# I hope this log last's....



## brawn1466867977 (Oct 19, 2009)

Hi all, I recently joined this site after years as a part time member of another forum. The other forum I've used was very quiet with few members and I found it didn't give me what I wanted from it. By that I mean a place to get GOOD advise from those who had been there and done it rather than other wanna bees with very little knowledge giving it the big "I AM" because there sat at home on a pc.

I've been training on and off for years now, admittedly many more off than on. I've been through stages where the Iron has ruled my life and I've gained very well from it but its never lasted long enough for me to feel like I've accomplished any goals.

In April I ran the flora London marathon and doing so turned me in to a 12 stone weakling with next to no BF.

So a month or so after I started getting back in the gym. I've been putting weight/muscle/fat back on but I think none of it is new just old tissue filling out again.

I plan to post my workouts and food intake on here daily, how long it lasts is any ones guess. lol. I find it hard to keep motivated without encouragement so please feel free to drop me a line from time to time to tell me how amazing I am and how you wish you were me.:nod:

My spilt is a little unconventional but for me it works well.

*Monday*

Back, Chest.

*Tuesday*

Rest.

*Wednesday*

Legs:sick:

*Thursday*

Rest.

*Friday*

Shoulders, Triceps, Biceps.

*Saturday, Sunday*

Abs on either day.

I use what I call a semi H.I.T approach. Not quite one set of each movement but low reps heavy as I can complete a set with good form. Mostly compound movements. And few exercises. I try not to fill a work out with exercises that just over burn my muscles and over train me. I beast the hell out of my self for just as much time is necessary for me.

I try to better each and every workout to keep my muscles working by either lifting heavier or doing one or two more reps. But it dont always work.

And I haven't trained my legs since before the marathon because of injuries combined with being a coward and not wanting to struggle at work with sore legs.

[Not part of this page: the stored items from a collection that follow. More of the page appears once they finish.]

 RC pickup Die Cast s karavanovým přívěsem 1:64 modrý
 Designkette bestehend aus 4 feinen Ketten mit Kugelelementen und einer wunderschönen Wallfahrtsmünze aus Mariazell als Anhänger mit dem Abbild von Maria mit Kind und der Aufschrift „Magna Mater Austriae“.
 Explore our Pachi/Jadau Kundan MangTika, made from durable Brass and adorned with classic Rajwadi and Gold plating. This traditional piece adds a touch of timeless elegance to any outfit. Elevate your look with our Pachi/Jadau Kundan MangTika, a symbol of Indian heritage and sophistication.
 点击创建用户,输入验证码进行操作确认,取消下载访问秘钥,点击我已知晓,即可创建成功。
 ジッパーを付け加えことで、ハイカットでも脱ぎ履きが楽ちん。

So I'm gonna make a real effort but the thought is making me shake already!

In the morning I shall weigh myself and get a BF reading off my scales. (There well off but consistent so it will give me an idea as to whether I'm putting it on or losing it). I'll also measure up. Not done that since I was at school!! Lol


----------



## Verne (Oct 20, 2006)

well you've taken the 1st step which is usually the hardest one, so best of luck with the log bud...


----------



## brawn1466867977 (Oct 19, 2009)

Thanks Verne.

I weighed my self this morning and I'm 13st 8.2lb and BF%19. the BF is wrong but at least I can judge how much its going up and down by.

I also measured a few body parts

Chest 44"

Bicep 16"

Waste 36" :nono:

Quad 24"

Above nee 19"

Calve 15"


----------



## Phill1466867973 (Sep 2, 2009)

I reckon measurements are a fairly good indicator to progress with regards everything keeping in balance, also what lags and maybe what are strong points. I think keeping an eye on your waist measurement is a decent way to monitor BF levels ie if it's increasing more than say your chest then chances are you will be gaining fat. All the best mate.


----------



## brawn1466867977 (Oct 19, 2009)

Thanks Phill I agree. I'm still in shock about the size of my darby!

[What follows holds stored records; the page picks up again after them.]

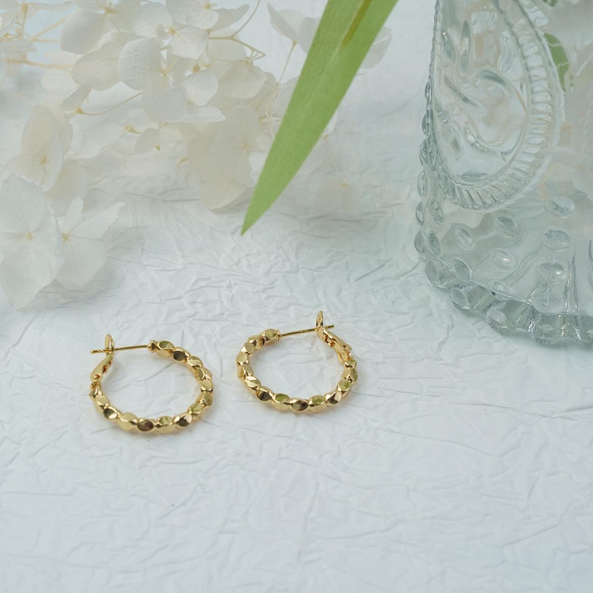 【Hoop Earrings】Alloy Gold Plated Beaded Hoop Earrings, Minimalist & Chic, Daily Essential for Women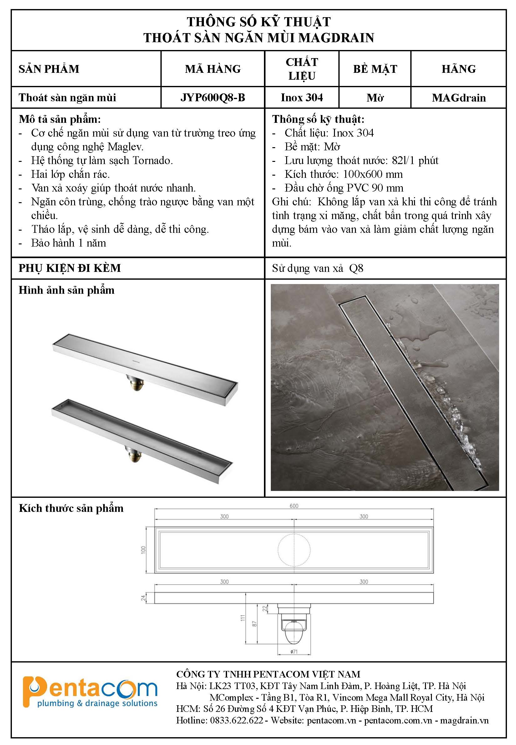 Ga thoát sàn ngăn mùi MAGdrain JYP600Q8-B
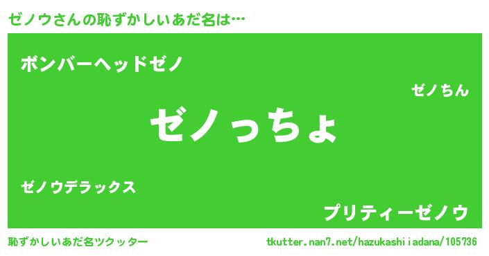 | ヘコむあだ名 | 『つくし』『ゼノにゅー』『ゼノを』 |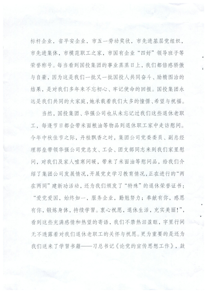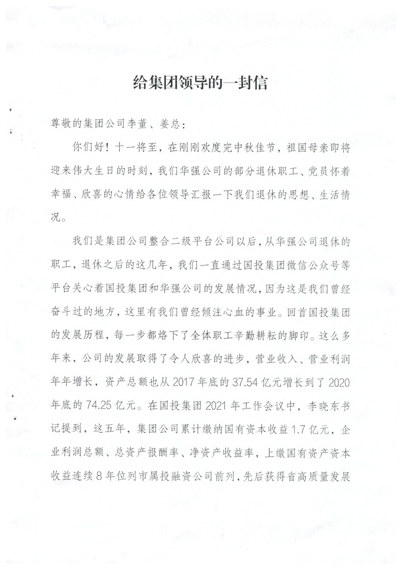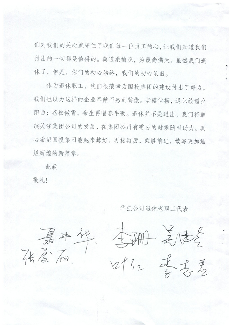 給華強(qiáng)資產(chǎn)公司退休老職工的回信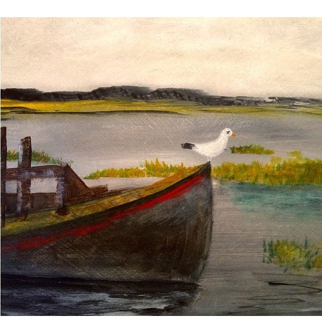 Seagull on Old Boat, Acrylic on board, 30 x 21 framed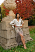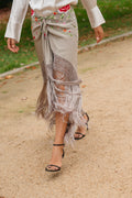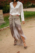 - Para que los flecos queden bien, basta con colgar la falda unos días antes de usarla y el fleco, al ser de seda, se estirará por sí solo.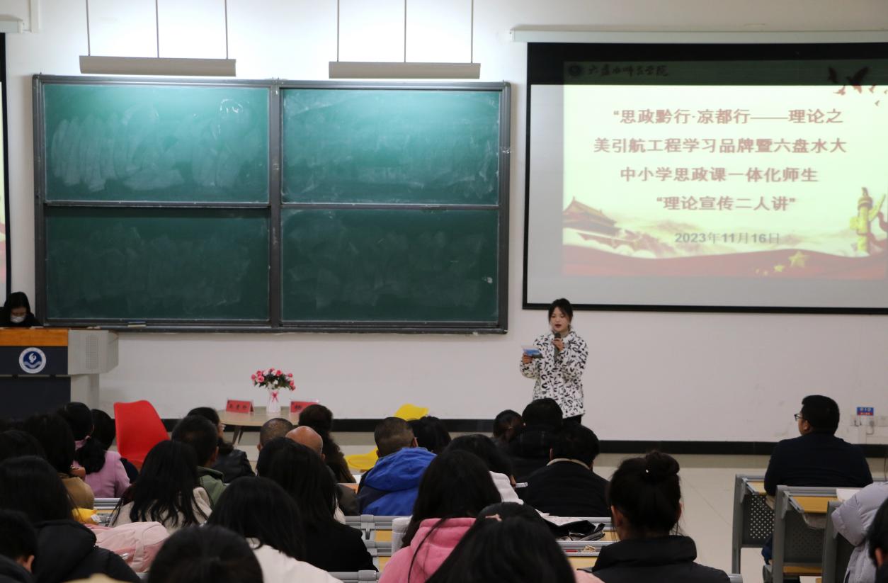 为推进党的二十大精神进校园,11月16日下午,“思政黔行·凉都行——理论之美”引航工程学习品牌暨六盘水大中小学思政课一体化师生“理论宣传二人讲”在勤学楼101教室顺利开展。bat365在线中国登录入口党委宣传部副部长张瑾、学院全体党员以及思想政治教育专业、历史学专业2021级全体学生聆听了宣讲。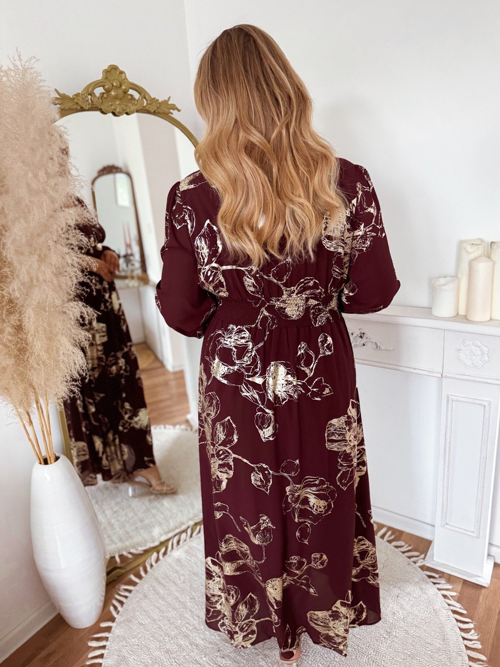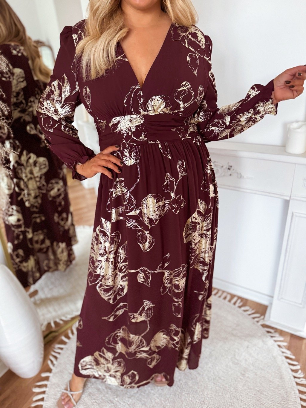 Ez az elegáns, bordó színű, arany virágmintás maxi ruha ideális választás társasági eseményekre, ünnepekre és romantikus vacsorákra. A mély V-kivágás és az összehúzott, gumis derékrész gyönyörűen formálja az alakot, míg a hosszú ujjak finom eleganciát kölcsönöznek a ruhának. A könnyű, esése anyag kellemes viseletet biztosít, nőies, bájos megjelenést kölcsönöz. A model mér 168 cm, és XL-es méretet visel.

After the marathon in April it was 28"


----------



## brawn1466867977 (Oct 19, 2009)

Well here's today's food intake. Very poor!

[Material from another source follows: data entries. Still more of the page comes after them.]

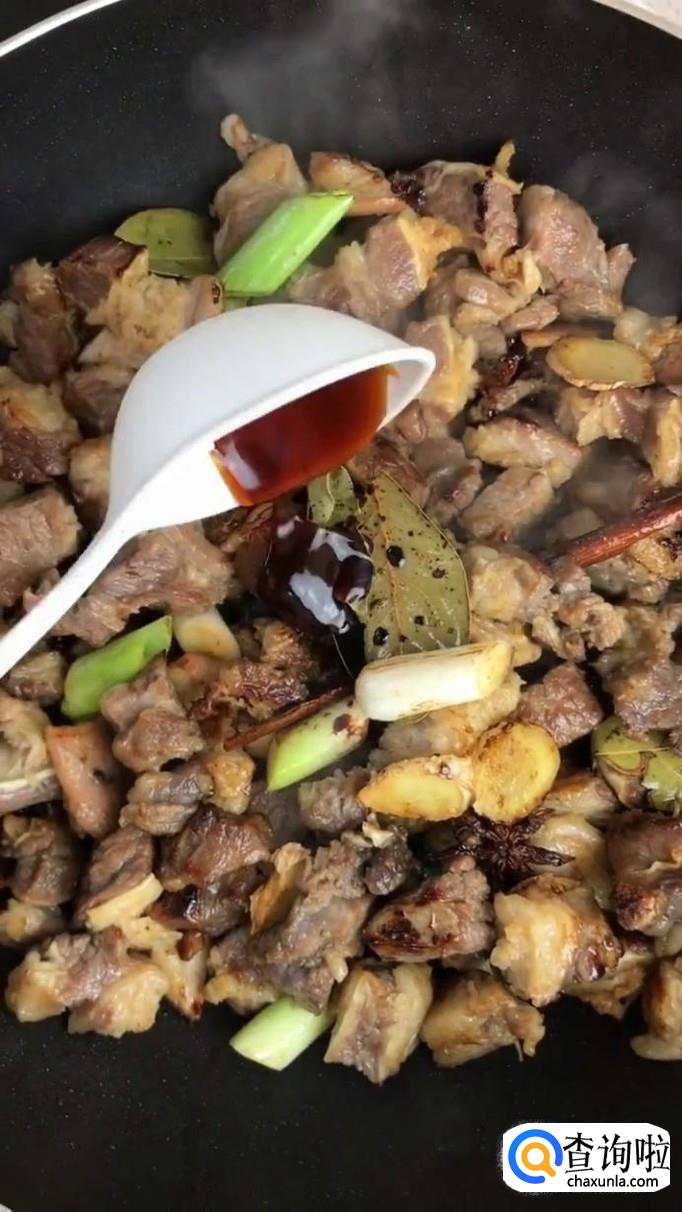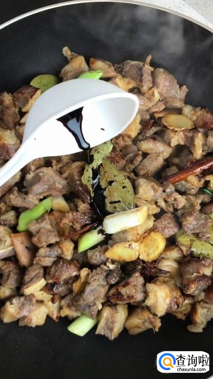 然后往锅中加入生姜、蒜、酱油、蚝油,翻炒三分钟,如下图所示。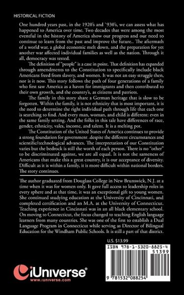 One hundred years past, in the 1920's and `930's, we can assess what has happened to America over time. Two decades that were among the most eventful in the history of America show our progress and our need to continue to learn from the past and improve the future.. The aftermath of a world war, a global economic melt down, and the preparation for yet another war affected individual families as well as the nation. Through it all, democracy was tested. The definition of "people" is a case in point. That definition has expanded through amendments to the Constitution to specifically include black Americans freed from slavery, and women. It was not an easy struggle then, nor is it now. This story follows the path of four generations of a family who first saw America as a haven for immigrants and then contributed to their own growth, and the country's, as citizens and patriots. The family in this story share a German heritage that is slow to be forgotten. Within the family, it is not ethnicity that is most important, it is the need to determine the right individual path through life that each one is searching to find. And every man, woman, and child is different: even in the same family setting. And the folks in this tale have differences of race, gender, ethnicity, vales, income, and talent. It is a melting pot. The Constitution of the United States of America continues to provide a strong foundation for government .despite the different circumstances and scientific/technological advances. The interpretation of our Constitution varies but the bedrock is still the worth of each person. There is no "other" to be discriminated against, we are all equal. It is not the sameness of Americans that make this a great country, it is our acceptance of diversity. Difficult as it is within a family, it is more difficult within national borders. The story continues.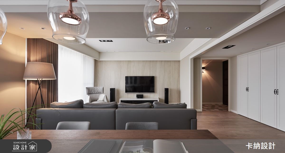 在这处149平方米的美式风居所,卡纳国际设计团队大量使用了疗愈温和的木色和藤色,融入现代风的简洁舒适,以及美式风格的优雅大方。并将原有的4室改为3室,让生活空间更加开阔和舒适。 【美化结构梁,拉高视野更显开阔】走进这处温馨、大方的美式风居所,玄关处以复古六角砖铺设地坪,划分出入口处的落尘区。搭配纯白色的衣帽柜、储物区,并衔接后方的餐柜设计,赋予充裕的收纳机能。为了减低空间的压迫感,沙发上方大梁运用藤色、纯白的层次,拉高视觉的空间高度,营造挑高感。同时,打除靠近廊道处的隔断,以玻璃隔屏界定餐厅和书房,并为餐厅区引入充裕的自然光线。临窗处则为开放式的钢琴演奏区,增进生活的互动。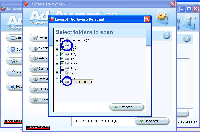 First, there are 4 programs that you need, (the versions next to the program name are the current versions as of this writing) Adaware-SE 1.06r1 - A newer version is out, the options are fewer, but it scans much faster and better Spybot: Search & Destroy-v1.4 WinPatrol-v0.99x If you have issues installing winpatrol please read their FAQ. They offer an alternate installer that is you in their FAQ (just look for it) HiJackThis (Direct download)-v1.97 If you are unable to run HiJackThis get This. After downloading the programs, install them (read the rest of the article before installing each one), do not scan yet! We want to make sure Adaware and Spybot: Search & Destroy are up to date. First, lets run Adaware. When Adaware starts it should ask you if you want to update your definitions. Make Sure you always update it. ![]() Click on "Check for updates now" When you click start you will be taken to this screen ![]() Click on "Use custom scanning options,” and make sure you have "Search for negligible risk entries" and "Search for low-rick threats" checked. Now click on "Customize, and click all the options you see in this next picture. ![]() Click on "Select drives & folders to scan" and make sure your HD is checked. Usually you will only have a C:, if you have more HDs check them (the icon for HDs are circled in blue). ![]() While scanning you will see a screen like this. ![]() When the scan is complete, you will see something like this. ---Sorry, no pics, you'll have to wait until I get some spies Just right-click on one of the items and click 'Select All' then remove. Sometimes (if your computer is in bad shape) you may not be able to get rid of everything, Adaware will ask if you want to schedule a "Boot Time Scan,” you should do it, then reboot right away! When your computer boots back up it'll start the scan again. It can take some time, but it's worth it. If it tells you that some items cannot be removed, write then down and hopefully they will turn up again later and be removed. Don't schedule another boot time scan, you will get the same results. Up next! SPYBOT: SEARCH & DESTROY: This is another great free program After you install it and run it'll ask you some questions, make sure you update it and backup your registry (you can never be too safe). After you have updated Spybot I recommend you close it and open it again, once open again check for updates. ![]() If you have problems updating, change the server (in the picture above it's "Safe Networking #1 (Europe)" After updating, click on "Immunize" and update it. Then click on "Search & Destroy" Click "Check for problems,” let the scan finish and then you will see something like this ![]() When the scan is done click "Fix selected problems". Sometimes if you have a lot to remove, it will take some time to remove everything. If Spybot says that some items cannot be removed, to the boot time scan (just like with Adaware). Next up, WinPatrol! YAY! This is a nifty little program, you can have it run the background and when Windows starts, but I personally think that's a waist of process and memory. After you install and run you'll see a little doggie in your system tray (that's where the clock and some icons are, usually at the bottom left of the screen), right click and tell WinPatrol not to Always Run. When you run WinPatrol, you will see a screen like this. ![]() Find items that don't need to be there... if you don't know what it is you probably need it. For example, in my picture above I don't want NeroFilterCheck to run at startup. So, I click it and then on remove. Then you can click on the IE Helpers, ![]() In here it's tricky, but if you know what it is, and don't need it, kill it. Or do what I recommend, use Firefox. Remember when you are done running WinPatrol, to right click on the little doggie again, and close it. Lastly, we run HiJackThis! When you get it (I don't think it has an installer yet, so just make a directory somewhere called HiJackThis or whatever you want to call it), then run it. When you run it, click scan, you will see something like this ![]() You can click items and remove them, most people don't know what needs to be removed, so you can save a log file and goto http://www.hijackthis.de/ Which can analyses your log file and give you suggestions on what to remove. If you’re still worried about it find a forum online to put your log file and have someone check it for you. Now, there are 2 more ways of removing spyware and speeding up your computer, one way is to run 'msconfig', all windows except 2000 have this. It has an area where you can remove items from start up. Basically what WinPatrol can do, but maybe it will have someting additional. The last thing I suggest (besides a good Virus Scanner, like Avast!), if you can do a registry edit. Remember, your registry is NOT a place you want to play in, you can make your computer stop working if you remove the wrong thing. So if you want to continue read this VERY carefully!!! Click "Start" --> "Run," type in "regedit". A box will come up, hit F3 to search, type in "runonce" to have searched. This search can take a little while, when it finds runonce it'll stop, if on the left side it has selected a folder called 'runonce' right above it will be a directory called 'run', click on it, everything listed there runs at startup. You can kill items out that way. After you check that directory, hit F3 until it finds another 'runonce' directory with a 'run' right above it. I suppose I didn't do a very good job explaining that, but remember, registry edits are at your own risk. Well That's all I have for now, someday I'll update it and add better screen shots or something. For now, just live with it. |

8:00 x2 sachet's of oats so simple apple and blueberry with skimmed milk

x4 whole eggs scrambled on x2 wholemean toast, coffee, MV, Glusphmine, cod liver oil.

11:30 Oat cake, Chicken salad sandwich on wholemeal, banana.

14:30 1.5 smoked mackrel, banana, 1/2L tescos choclate milk.

16:00 1 packet of uncle bens exsspress wholemeal rice, oat cake,

19:00 1.5 smoked mackrel, chicken breast with cheese and wifey stuff on top, pasta, Jacket spud.

See I told you its poor. Was mega busy today so didn't get a chance to go shopping for a good feed.

Heres my Monday work out I trained *back and chest*.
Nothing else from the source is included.